Kelley's life may ultimately fade back into relative obscurity, but not for awhile. Her visage dominates the front page of today's New York Post, as it was her decision to go to the Tampa FBI office to complain about anonymous "threatening" emails that accused her of a relationship with Petraeus. That led the Bureau to uncover the illicit relationship between Petraeus and his biographer, Paula Broadwell.
Yesterday at 4 p.m., CL actually drove by the children's birthday party that Kelley and her husband were hosting off of Bayshore, complete with a full-on bar, a bounce house, and a Tampa police officer's car parked on the side of the house.
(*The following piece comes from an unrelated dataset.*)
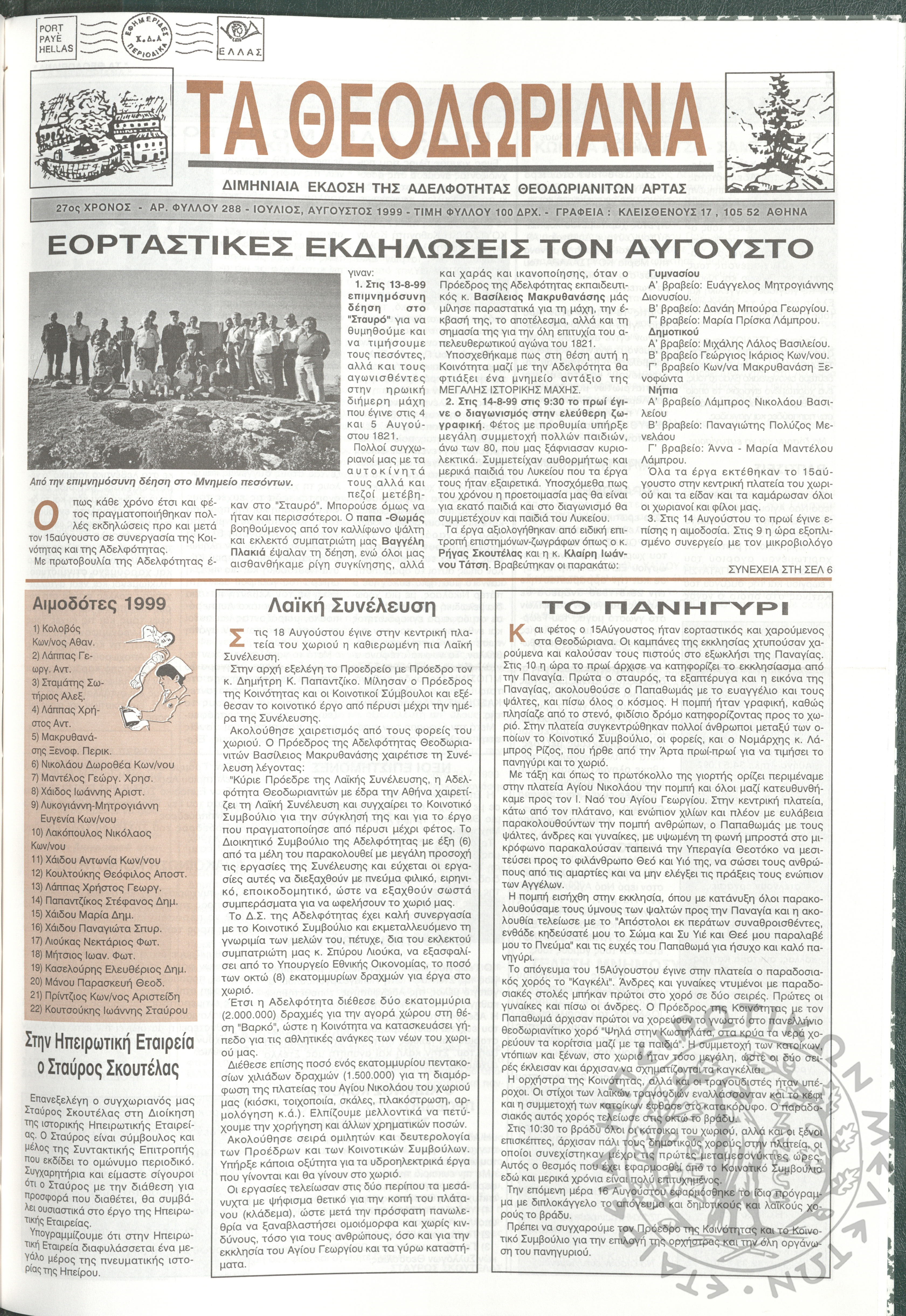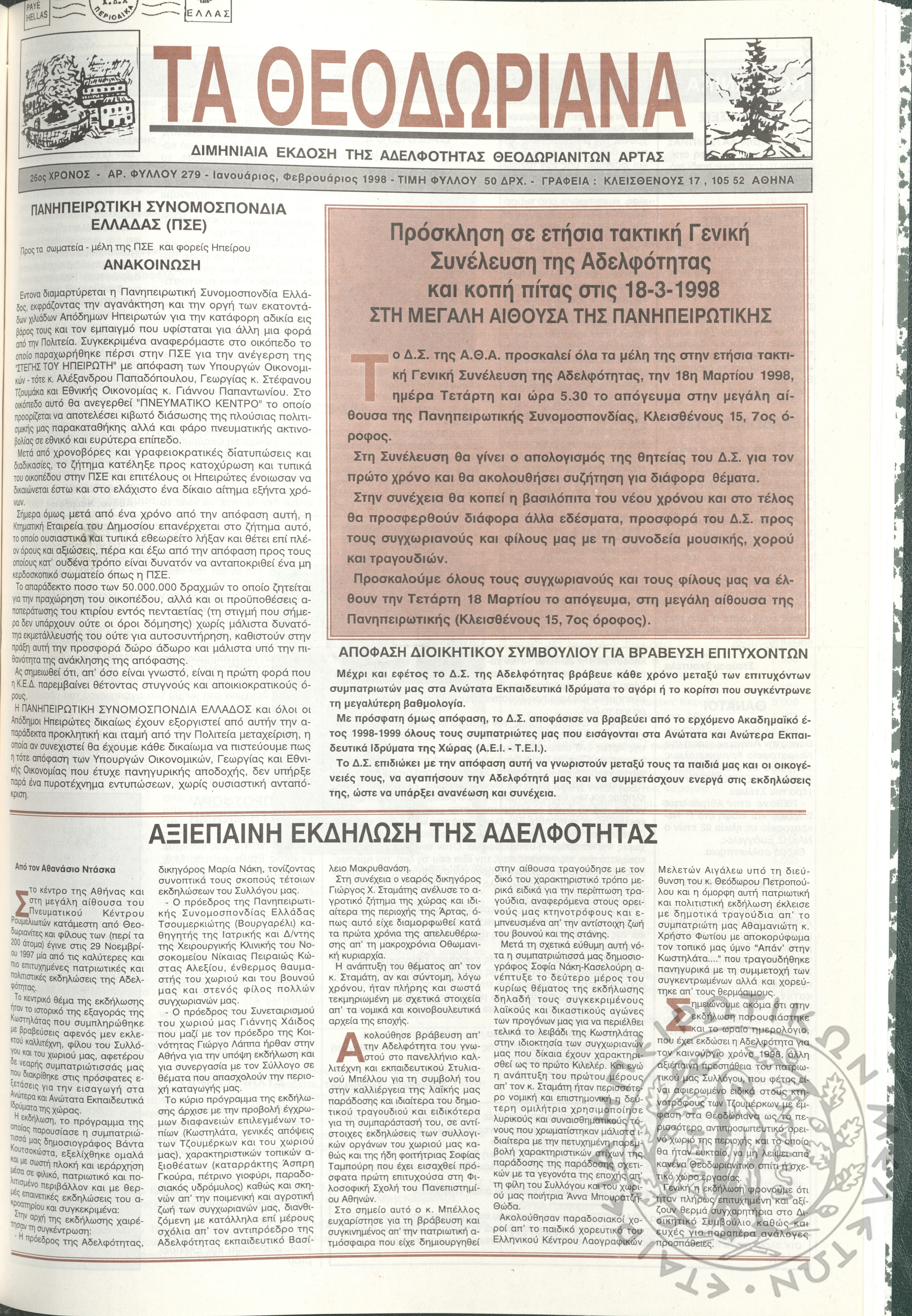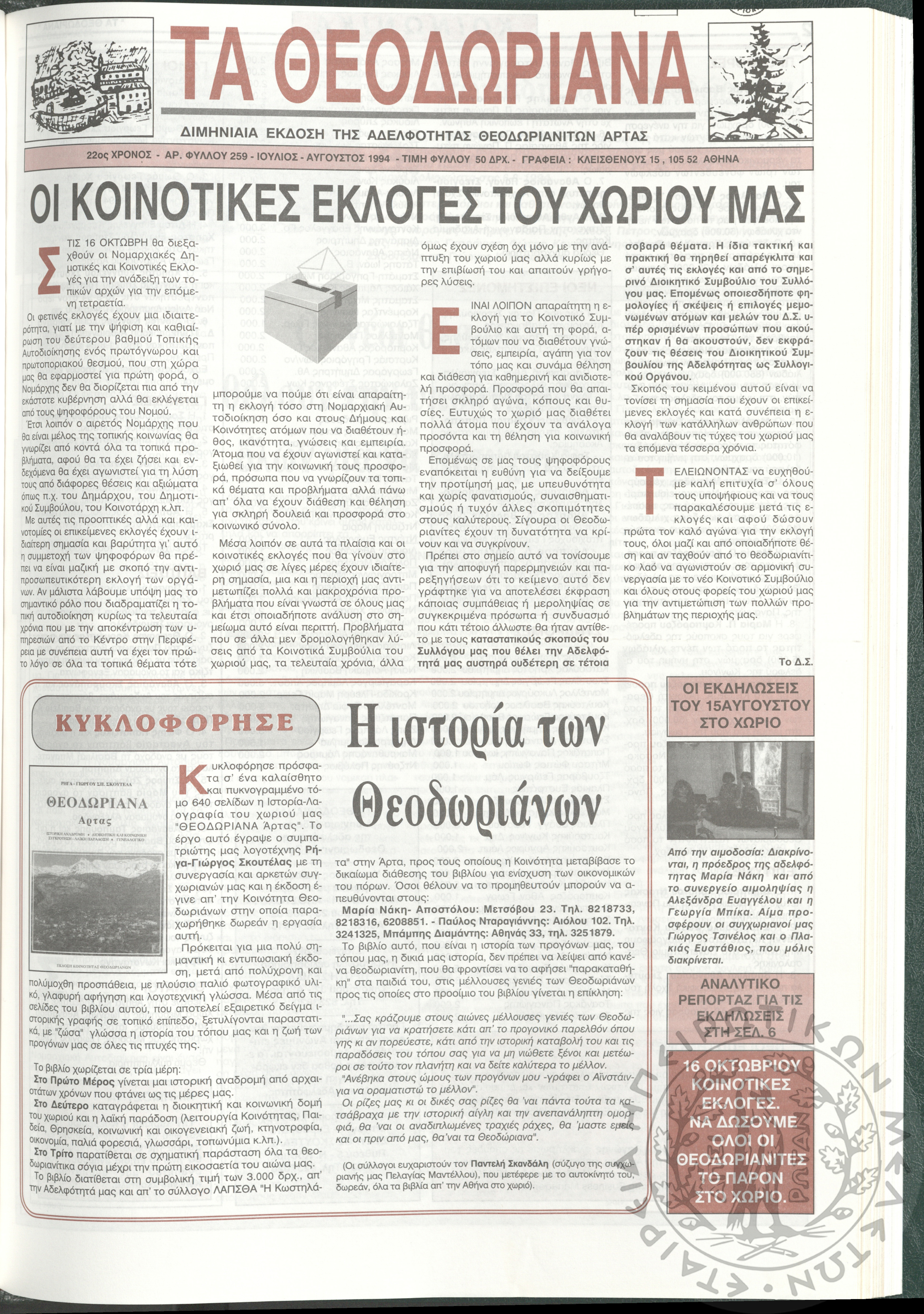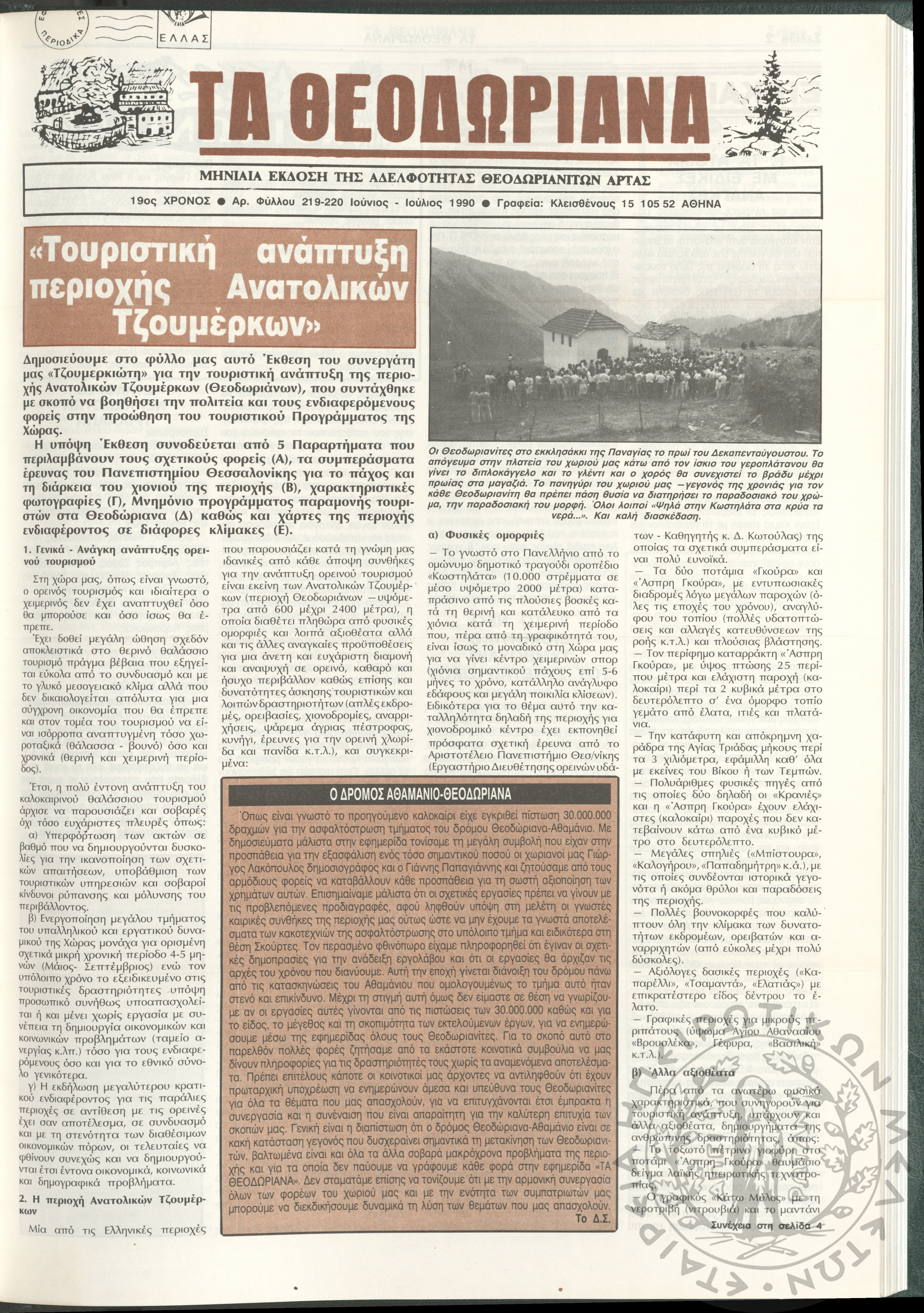 Τα Θεοδώριανα: Μηνιαία έκδοση της αδελφότητας Θεοδωριανιτών Άρτας, 1990, φ. 219-220Έτος 19, φ. 219-220...

The Post reported that no one answered the door during the birthday party, but later Kelley released a statement requesting privacy for herself and her family.
There are lots of unknown answers to this growing story, but the details are coming out pretty quickly.
On to other news. Saturday afternoon the state of Florida officially announced the final results of the presidential election, and Barack Obama narrowly won the Sunshine State, 50-49 percent. But top officials in the state, including those who helped pass last year's elections reform bill, which led to a reduction of early voting, are not looking good today.
The lame-duck Congress returns to D.C. this week to begin discussions regarding what to do about the Bush tax cuts that are scheduled to expire at the end of next month. While John Boehner and President Obama have made general conciliatory statements leading into the negotiations, Senate minority leader Mitch McConnell showed no indication that he's willing to bend.
And while some of the biggest names in the conservative world have now seen the light when it comes to passing comprehensive immigration reform (losing the Latino vote in the presidential election by more than 40 points has a way of clarifying things), a question arises: Will helping to pass such legislation have that demographic rushing into the arms of the GOP?